Immobilization of cadmium and lead by Lactobacillus rhamnosus GR-1 mitigates apical-to-basolateral heavy metal translocation in a Caco-2 model of the intestinal epithelium.

Heavy metals are highly toxic elements that contaminate the global food supply and affect human and wildlife health. Purification technologies are often too expensive or not practically applicable for large-scale implementation, especially in impoverished nations where heavy metal contamination is widespread. Lactobacillus rhamnosus GR-1 (LGR-1) was shown in previous work to reduce heavy metal bioaccumulation in a Tanzanian cohort of women and children through indeterminant mechanisms. Here, it was hypothesized that LGR-1 could sequester the heavy metals lead (Pb) and cadmium (Cd), thereby reducing their absorption across intestinal epithelium.
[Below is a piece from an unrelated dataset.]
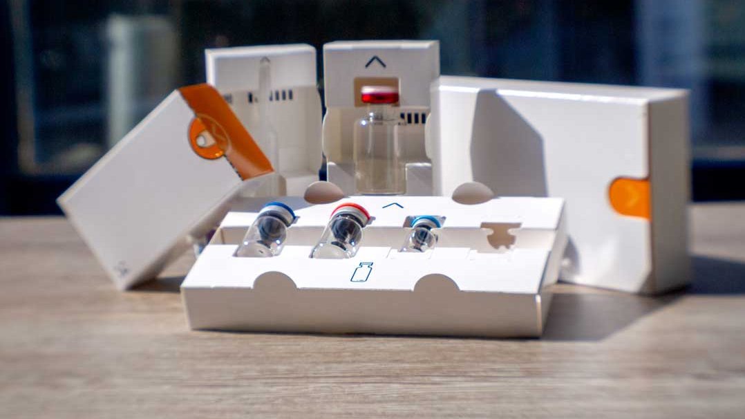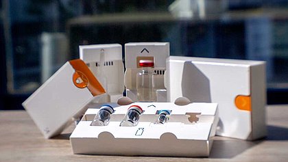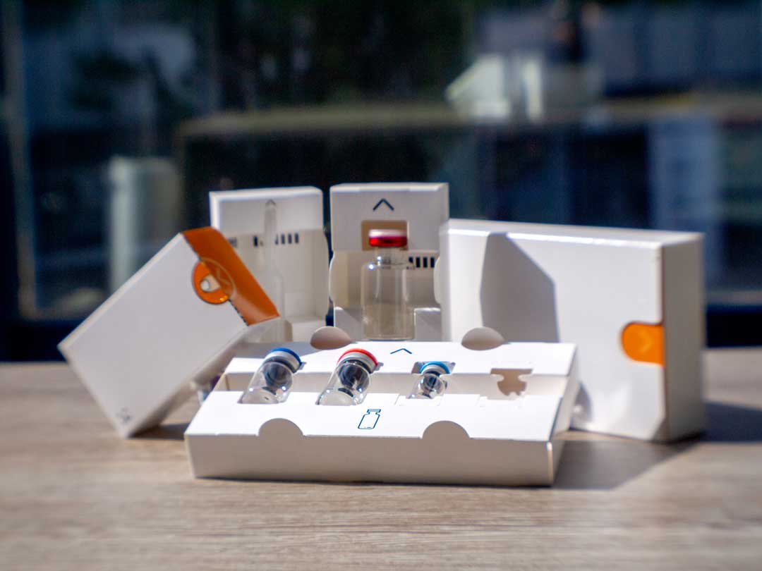 Die Produktentwicklerin Cecile Zimmermann und das Innovationsteam für Verpackungsmaterial aus dem Geschäftsfeld Pharma entwickelten daraufhin eine Sekundärverpackung, die aus zwei Einheiten besteht: einer Innen- und einer Außenschachtel. Dank flexibler Laschen in der Innenschachtel können unterschiedliche Produktgrößen in nur einer Verpackungslösung sicher verpackt werden. Die Produkte sind dabei unabhängig von ihrer Größe optimal fixiert und geschützt. Pharmahersteller können auf diese Weise die Vielzahl von Sekundärverpackungen auf ein Minimum reduzieren.

LGR-1 and other lactobacilli significantly reduced the amount of Pb and Cd in solution at all concentrations tested (0.5 mg/L - 50 mg/L) and exhibited sustained binding profiles over a 48-hour period. Relative binding efficiency of LGR-1 decreased as Pb concentration increased, with an absolute minimum binding threshold apparent at concentrations of 2 mg/L and above. Electron microscopy revealed that Pb formed irregular cell-surface clusters on LGR-1, while Cd appeared to form intracellular polymeric clusters. Additionally, LGR-1 was able to significantly reduce apical-to-basolateral translocation of Pb and Cd in a Caco-2 model of the intestinal epithelium. These findings demonstrate the absorbent properties of LGR-1 can immobilize Pb and Cd, effectively reducing their translocation across the intestinal epithelium in vitro. Oral administration of heavy metal-binding Lactobacillus spp. (many of which are known human symbionts and strains of established probiotics) may offer a simple and effective means to reduce the amount of heavy metals absorbed from foods in contaminated regions of the world.